94  

— Даже если в стульях ничего нет, — говорил Остап, — считайте, что мы заработали десять тысяч по крайней мере. Каждый вскрытый стул прибавляет нам шансы. Что из того, что в дамочкином стуле ничего нет? Из-за этого не надо его ломать. Пусть Иванопуло помеблируется. Нам же приятнее.

В тот же день концессионеры выпорхнули из розового домика и разошлись в разные стороны. Ипполиту Матвеевичу был поручен блеющий незнакомец с Садово-Спасской, дано 25 рублей на расходы, велено в пивные не заходить и без стула не возвращаться. На себя великий комбинатор взял Эллочкиного мужа.


Ипполит Матвеевич пересек город на автобусе № 6. Трясясь на кожаной скамеечке и взлетая под самый лаковый потолок кареты, он думал о том, как узнать фамилию блеющего гражданина, под каким предлогом к нему войти, что сказать первой фразой и как приступить к самой сути.

Высадившись у Красных Ворот, он нашел по записанному Остапом адресу нужный дом и принялся ходить вокруг да около. Войти он не решался. Это была старая, грязная московская гостиница, превращенная в жилтоварищество, укомплектованное, судя по обшарпанному фасаду, злостными неплательщиками. Ипполит Матвеевич долго стоял против подъезда, подходил к нему, затвердил наизусть рукописное объявление с угрозами по адресу злостных неплательщиков и, ничего не надумав, поднялся на второй этаж. В коридор выходили отдельные комнаты. Медленно, словно бы он подходил к классной доске, чтобы доказать не выученную им теорему, Ипполит Матвеевич приблизился к комнате № 41. На дверях висела на одной кнопке, головой вниз, визитная карточка цвета заношенного крахмального воротничка:

«Авессалом Владимирович Изнуренков».

В полном затмении Ипполит Матвеевич забыл постучать и открыл дверь, которая оказалась незапертой, сделал три шага лунатика и очутился посреди комнаты.

— Простите, — сказал он придушенным голосом, — могу я видеть товарища Изнуренкова?

Авессалом Владимирович не отвечал. Воробьянинов поднял голову и только теперь увидел, что в комнате никого нет.

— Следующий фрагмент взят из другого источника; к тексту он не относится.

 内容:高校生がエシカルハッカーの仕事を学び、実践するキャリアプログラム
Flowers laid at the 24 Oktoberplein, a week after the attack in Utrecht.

По внешнему виду комнаты никак нельзя было определить наклонности ее хозяина. Ясно было лишь то, что он холост и прислуги у него нет. На подоконнике лежала бумажка с колбасными шкурками. Тахта у стены была завалена газетами. На маленькой полочке стояло несколько пыльных книг. Со стен глядели цветные фотографии котов, котиков и кошечек. Посредине комнаты, рядом с грязными, повалившимися на бок ботинками, стоял ореховый стул. На всех предметах меблировки, в том числе и стуле из старгородского особняка, болтались малиновые сургучные печати. Но Ипполит Матвеевич не обратил на это внимания. Он сразу же забыл об уголовном кодексе, о наставлениях Остапа и подскочил к стулу.

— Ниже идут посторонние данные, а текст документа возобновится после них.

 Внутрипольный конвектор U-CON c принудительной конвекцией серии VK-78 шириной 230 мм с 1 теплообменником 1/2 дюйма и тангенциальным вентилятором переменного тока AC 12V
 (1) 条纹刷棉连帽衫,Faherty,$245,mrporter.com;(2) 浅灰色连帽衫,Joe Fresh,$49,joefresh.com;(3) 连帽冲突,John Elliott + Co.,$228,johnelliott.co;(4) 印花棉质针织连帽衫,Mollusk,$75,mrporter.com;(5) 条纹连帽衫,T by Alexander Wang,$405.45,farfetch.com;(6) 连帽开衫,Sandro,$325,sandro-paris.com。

В это время газеты на тахте зашевелились. Ипполит Матвеевич испугался. Газеты поползли и свалились с тахты. Из-под них вышел спокойный котик. Он равнодушно посмотрел на Ипполита Матвеевича и стал умываться, захватывая лапкой ухо, щечку и ус.

— Фу, — сказал Ипполит Матвеевич.

И потащил стул к двери. Дверь раскрылась сама. На пороге появился хозяин комнаты — блеющий незнакомец. Он был в пальто, из-под которого виднелись лиловые кальсоны. В руке он держал брюки.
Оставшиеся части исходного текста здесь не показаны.